Panic! At The Disco with lead singer Brendon Urie (lead vocals, guitar, piano) and Spencer Smith (drums) and bassist Dallon Weekes.  

They’re all talented, way too good-looking and if you’re reading this Brendon Urie and Spencer Smith – Vampire Maman and Clara will be in Las Vegas this weekend visiting friends and we’d love say HI if you’re not too busy.

Yes, this band has brought class and style into the lives of my teens. Thanks guys! Now I don’t have to listen to the crap most kids listen to on top 40 radio stations.

And YES we adore Fall Out Boy too. We’ll be at the concert in San Francisco to see all of you.

And for my readers – this isn’t the crap you hear on top 40 pop radio.

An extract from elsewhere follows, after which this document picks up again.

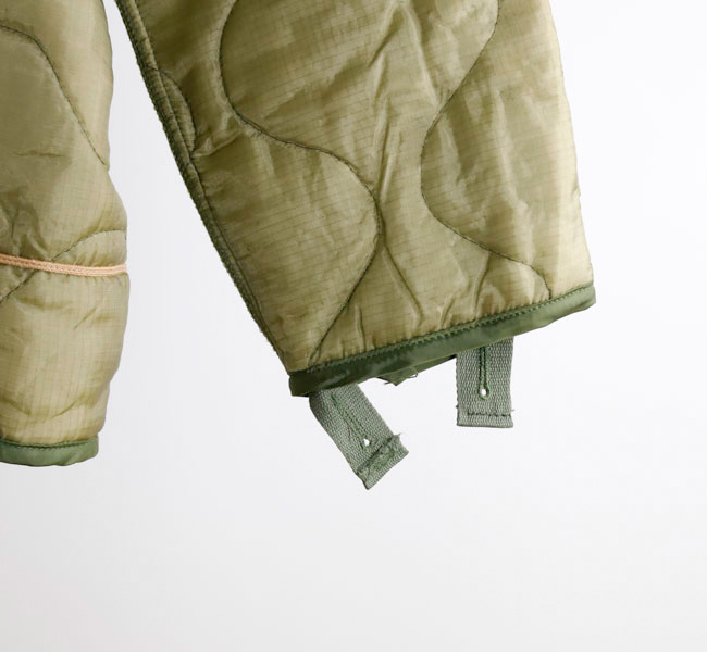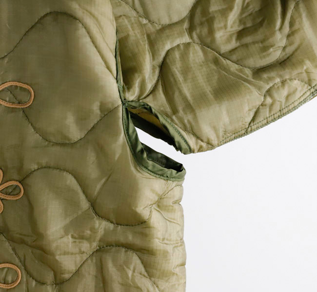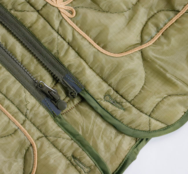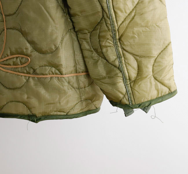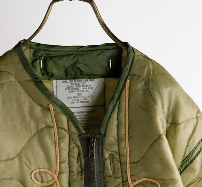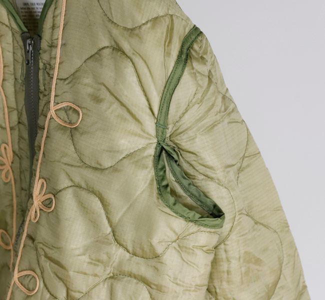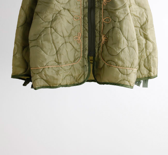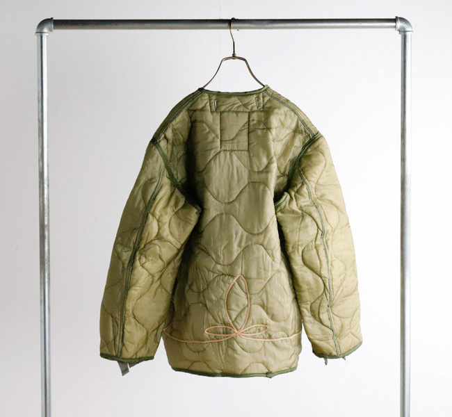 米軍より放出された70~80年代M-65フィールドジャケット用のキルティングライナーをリメイクした一着。 元からボタン無しの為、ファスナーでも使用できるようにし、ロープを施しアクセントに。 男女問わず着用でき、ライナーとしてもアウターとしても使用可能。

And why yes, I know my blog is full of typos. I have a really short attention span, I didn’t learn to spell as a child, I don’t pay attention, and I try to go back and fix my mistakes.




  1. I hope you get some time to recharge soon. The kids will be back in school in a few weeks. Enjoy Las Vegas.

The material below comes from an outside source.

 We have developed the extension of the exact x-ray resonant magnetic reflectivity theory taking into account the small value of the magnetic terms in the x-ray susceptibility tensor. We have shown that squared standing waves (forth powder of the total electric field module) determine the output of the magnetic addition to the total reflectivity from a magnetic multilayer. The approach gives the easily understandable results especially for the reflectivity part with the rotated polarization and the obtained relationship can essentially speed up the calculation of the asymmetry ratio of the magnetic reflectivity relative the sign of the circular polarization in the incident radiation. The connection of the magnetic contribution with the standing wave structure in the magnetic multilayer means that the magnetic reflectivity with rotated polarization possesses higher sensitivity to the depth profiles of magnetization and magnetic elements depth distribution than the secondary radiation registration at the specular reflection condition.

  2. “I just let my body and mind turn to jelly as I drifted off in a catnap half between reality and the land of dreams.” With this you’ve reminded me that such a state is even possible … and that it’s well worth seeking out.

    I hope you get more such moments soon.

  3. Zombies? I thought it was bad enough having those guys who try to sell replacement windows coming to my door unannounced. I feel much better now. Thank you. (great post, as always!)

  4. Many attackers of all shapes and descriptions. Many are just in bad moods with their noses put out of joint over petty things. I prefer small children ~ at least when they are throwing a tantrum, it is obvious and not subsumed into self-righteousness! Be well!